A couple minutes later, the phone in the apartment rings. I'm not going to answer some random customer's phone, and the guy's in the shower, so nobody picks up.
A couple minutes after that, I look up to see a cop eyeballing me. Apparently this guy had thought I was a burglar and called the police. Fortunately I had a copy of my locksmith license taped inside my toolbox (this was before they went to the card-sized licenses, and the original had to be posted at my place of employment, but I thought it would be a good idea to carry a copy anyway. Good thing, as it turned out) and a copy of the work order with the shop's name, address and phone number on it. As we were straightening that out, the customer came out of the shower and vouched for my presence.
So I didn't get in any trouble, but the potential was there.
(I still have my locksmith license, but I don't really do that for a living anymore.)

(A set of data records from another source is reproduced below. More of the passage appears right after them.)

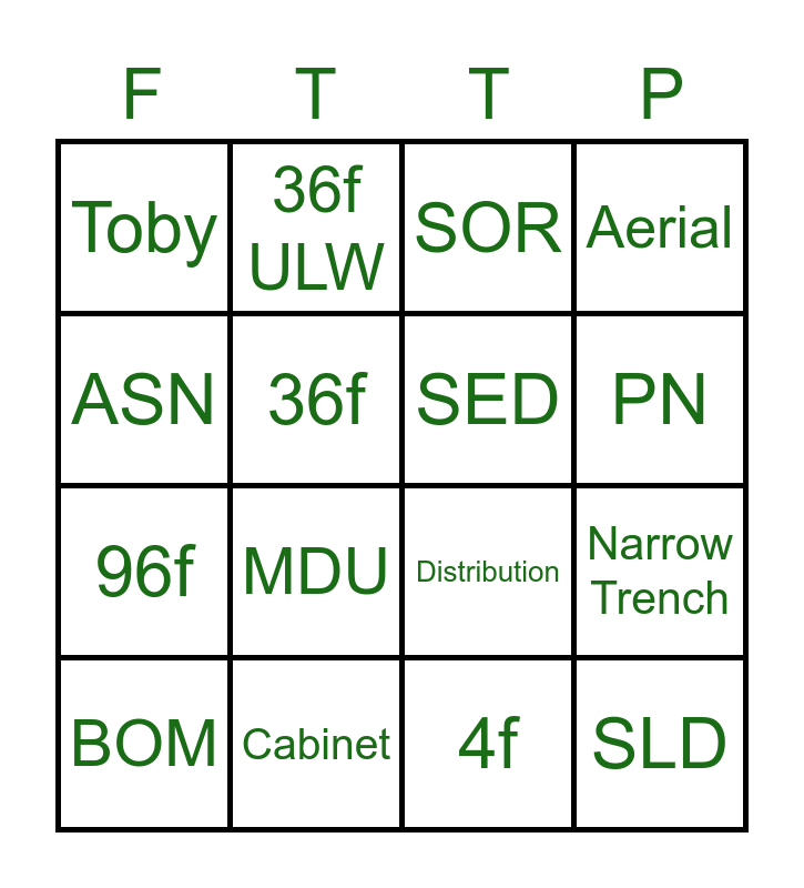 This bingo card has 26 words: Free!, FEx, PN, SN, ASN, Toby, 36f, 36f ULW, 4f, 288f, 96f, Distribution, Core, 110mm, Narrow Trench, PIA, Aerial, SLD, SOR, BOM, MDU, Feeder, Cabinet, Pole, SED and Release Sheet.
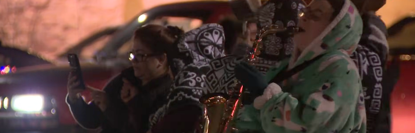 In Columbus, Ohio, protesters held a “No Sleep for ICE” rally where Trump’s federal immigration goons were allegedly staying. And as you can see from the image above, they brought the noise—playing saxophones, trombones, and blaring techno music.
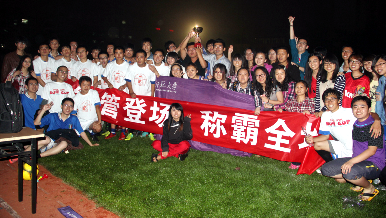 2013年6月6日下午5点,北师大第34届太阳杯足球赛经济管理学院和数学科学学院决赛于东操场拉开序幕。风声撼天翻阵势,微雨飞空击鼓擂。比赛异常激烈, 经过三个小时精彩绝伦的比赛2:2 扳平后, 加时赛又以0:0告终,双方挺进点球大战一决雌雄。最终,bat365前锋队员留学生金基喆凭借着精准的球技,以一球之差折戟数科队,经管院一举夺魁。

edit: I just realized there wasn't any SC in this story, so it doesn't really fit your question. The customer was fine, and the upstairs neighbor was acting in what he figured was the customer's best interest. He might have been a bit of a moron, because what kind of burglar would be breaking into someone's apartment in broad daylight, and then sit there with the door open fooling around with the doorlock for a half hour after that, rather than cleaning the place out and getting gone, but his intention was good. It was more amusing than anything else, at least in hindsight.Last edited by Shalom; 03-25-2012, 01:56 AM.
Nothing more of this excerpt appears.